__To do__. Although the records contain pictures, none belong in the copy: restate word for word only the lines from the one with "The nuclei of" through the one with "Het eerste stuk", both included.

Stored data

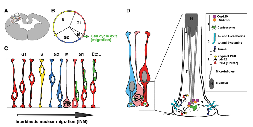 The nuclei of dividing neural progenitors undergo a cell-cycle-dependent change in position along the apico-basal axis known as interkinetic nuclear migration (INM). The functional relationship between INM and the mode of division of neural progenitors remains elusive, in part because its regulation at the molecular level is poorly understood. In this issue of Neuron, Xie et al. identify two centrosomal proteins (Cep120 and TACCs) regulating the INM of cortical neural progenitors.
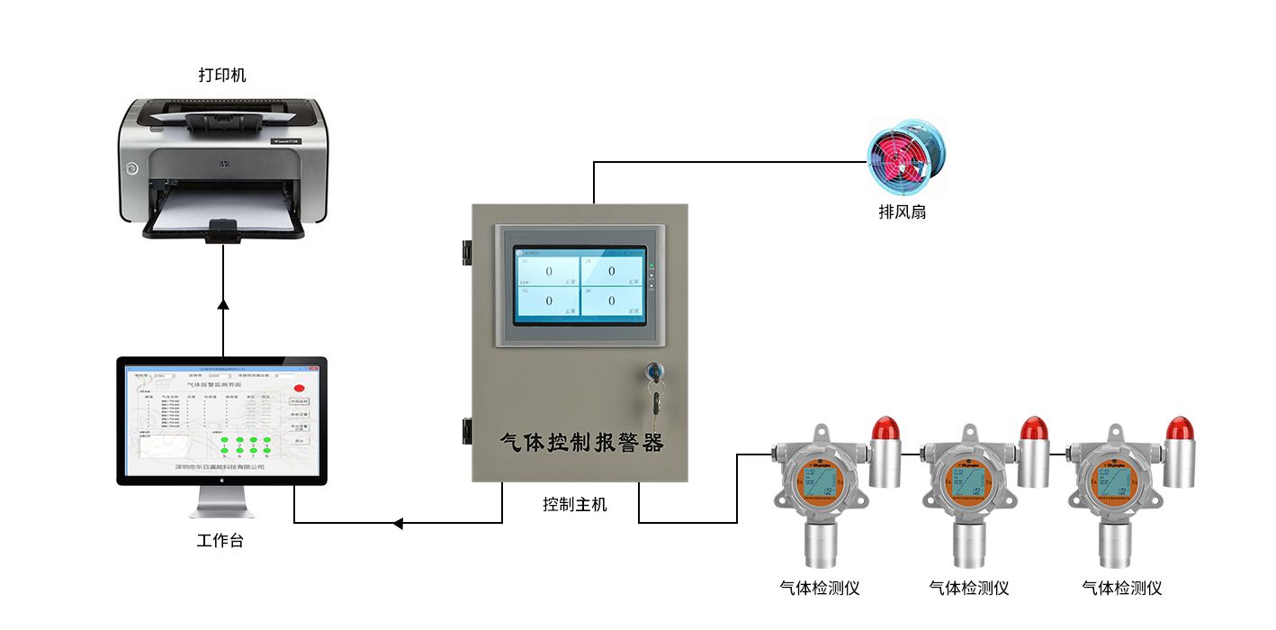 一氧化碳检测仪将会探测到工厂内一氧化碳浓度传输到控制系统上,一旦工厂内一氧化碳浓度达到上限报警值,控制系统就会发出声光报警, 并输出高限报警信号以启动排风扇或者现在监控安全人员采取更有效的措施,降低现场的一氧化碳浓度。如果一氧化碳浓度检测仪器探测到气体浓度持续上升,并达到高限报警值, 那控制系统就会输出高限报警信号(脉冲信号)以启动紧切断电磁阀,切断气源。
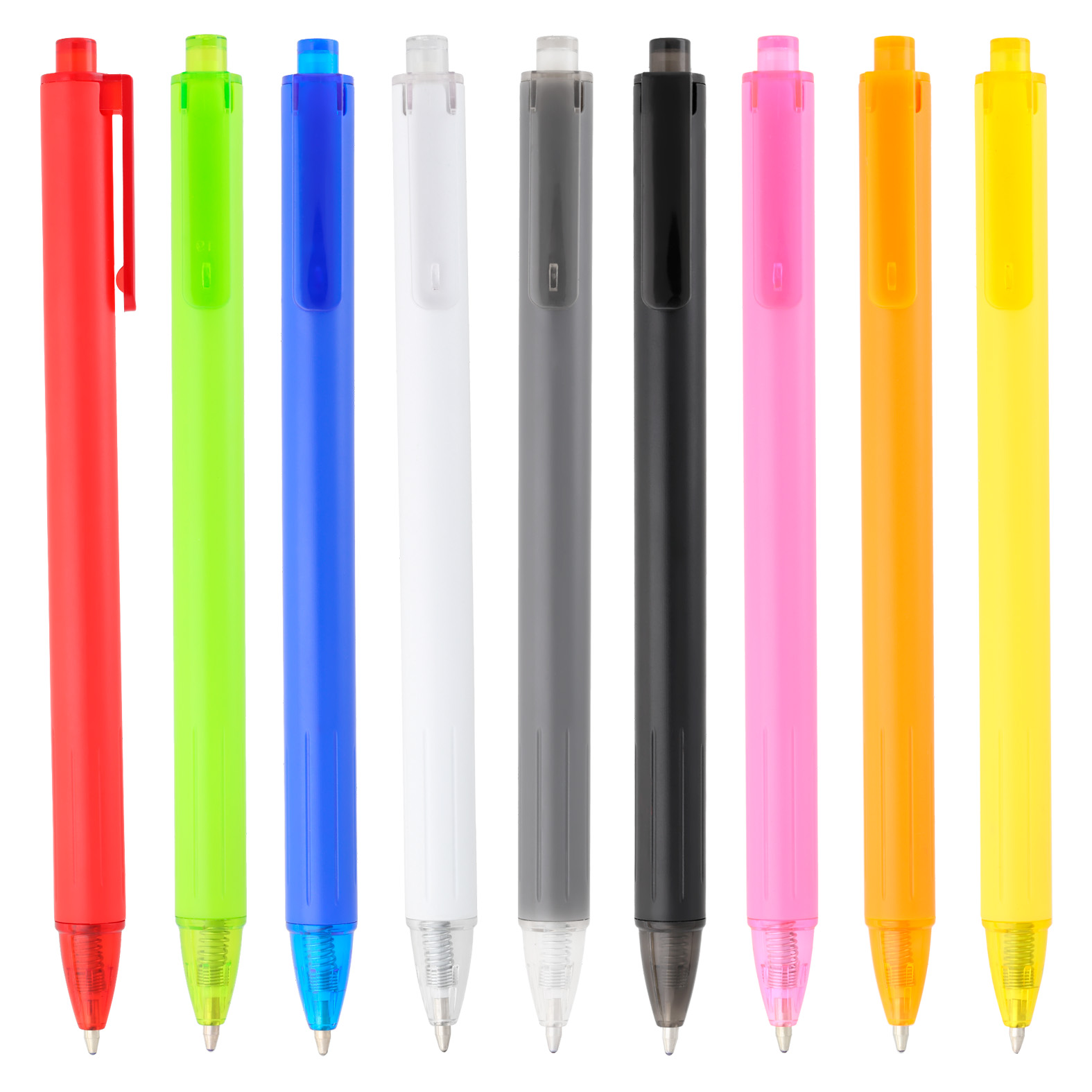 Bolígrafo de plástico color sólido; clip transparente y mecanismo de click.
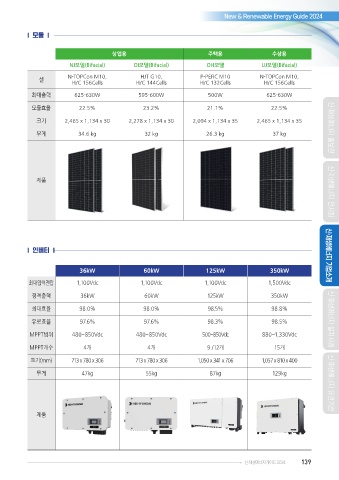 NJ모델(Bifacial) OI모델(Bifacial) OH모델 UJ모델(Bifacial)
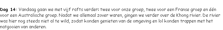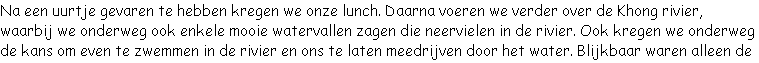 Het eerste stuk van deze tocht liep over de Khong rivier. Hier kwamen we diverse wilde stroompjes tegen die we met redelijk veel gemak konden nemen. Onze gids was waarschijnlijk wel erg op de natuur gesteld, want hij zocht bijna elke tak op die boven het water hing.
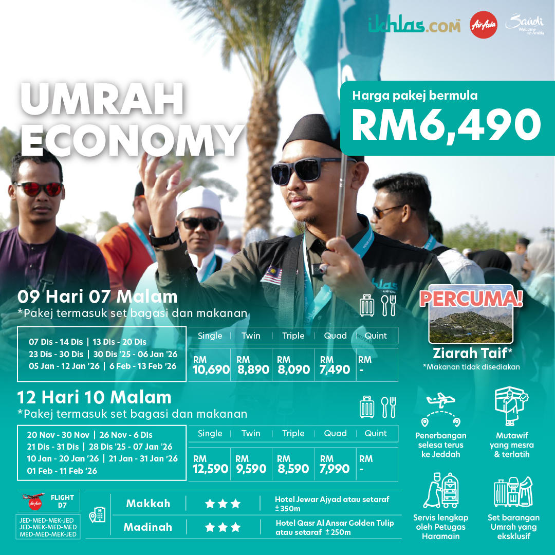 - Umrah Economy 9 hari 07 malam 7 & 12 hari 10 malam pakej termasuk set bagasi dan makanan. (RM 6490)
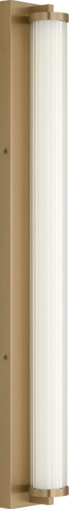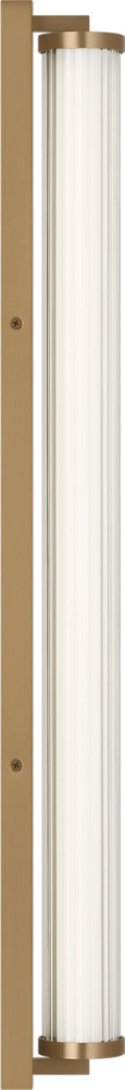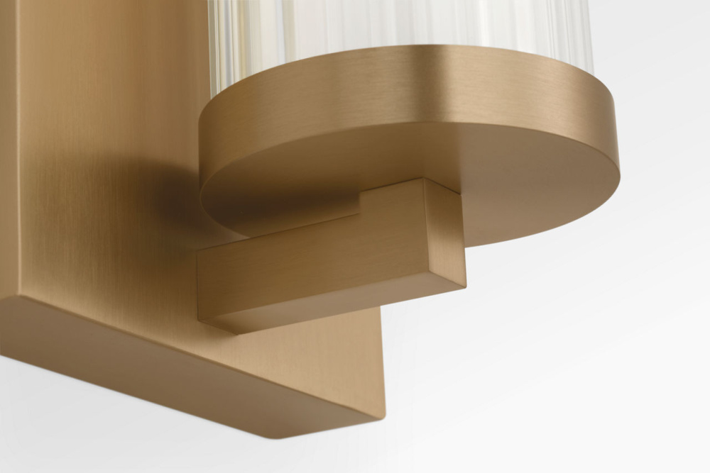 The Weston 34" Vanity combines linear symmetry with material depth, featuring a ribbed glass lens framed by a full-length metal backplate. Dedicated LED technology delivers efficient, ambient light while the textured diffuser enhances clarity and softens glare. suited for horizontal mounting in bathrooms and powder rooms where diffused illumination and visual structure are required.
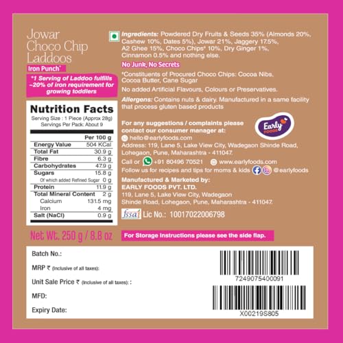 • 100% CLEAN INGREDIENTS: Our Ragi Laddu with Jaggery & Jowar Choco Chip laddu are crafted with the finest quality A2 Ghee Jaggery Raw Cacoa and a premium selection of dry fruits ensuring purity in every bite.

--

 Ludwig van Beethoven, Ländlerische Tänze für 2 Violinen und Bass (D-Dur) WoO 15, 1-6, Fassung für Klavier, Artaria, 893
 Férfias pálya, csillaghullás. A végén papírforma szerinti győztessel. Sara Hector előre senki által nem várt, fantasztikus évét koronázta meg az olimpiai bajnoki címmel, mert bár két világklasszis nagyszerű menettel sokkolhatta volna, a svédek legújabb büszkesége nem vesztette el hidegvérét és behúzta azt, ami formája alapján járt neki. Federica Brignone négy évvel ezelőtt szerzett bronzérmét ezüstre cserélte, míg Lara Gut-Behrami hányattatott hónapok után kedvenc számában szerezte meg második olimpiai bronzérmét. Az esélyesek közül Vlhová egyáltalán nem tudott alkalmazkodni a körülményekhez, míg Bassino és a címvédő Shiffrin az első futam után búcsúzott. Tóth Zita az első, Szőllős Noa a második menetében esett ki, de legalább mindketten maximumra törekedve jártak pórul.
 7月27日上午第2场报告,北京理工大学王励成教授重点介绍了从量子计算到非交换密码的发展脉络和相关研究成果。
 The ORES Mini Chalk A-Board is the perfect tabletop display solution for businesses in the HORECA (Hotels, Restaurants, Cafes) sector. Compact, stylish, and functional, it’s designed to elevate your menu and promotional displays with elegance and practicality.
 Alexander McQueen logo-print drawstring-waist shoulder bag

__Task result__.
 The nuclei of dividing neural progenitors undergo a cell-cycle-dependent change in position along the apico-basal axis known as interkinetic nuclear migration (INM). The functional relationship between INM and the mode of division of neural progenitors remains elusive, in part because its regulation at the molecular level is poorly understood. In this issue of Neuron, Xie et al. identify two centrosomal proteins (Cep120 and TACCs) regulating the INM of cortical neural progenitors.
 一氧化碳检测仪将会探测到工厂内一氧化碳浓度传输到控制系统上,一旦工厂内一氧化碳浓度达到上限报警值,控制系统就会发出声光报警, 并输出高限报警信号以启动排风扇或者现在监控安全人员采取更有效的措施,降低现场的一氧化碳浓度。如果一氧化碳浓度检测仪器探测到气体浓度持续上升,并达到高限报警值, 那控制系统就会输出高限报警信号(脉冲信号)以启动紧切断电磁阀,切断气源。
 Bolígrafo de plástico color sólido; clip transparente y mecanismo de click.
 NJ모델(Bifacial) OI모델(Bifacial) OH모델 UJ모델(Bifacial)
 Het eerste stuk van deze tocht liep over de Khong rivier. Hier kwamen we diverse wilde stroompjes tegen die we met redelijk veel gemak konden nemen. Onze gids was waarschijnlijk wel erg op de natuur gesteld, want hij zocht bijna elke tak op die boven het water hing.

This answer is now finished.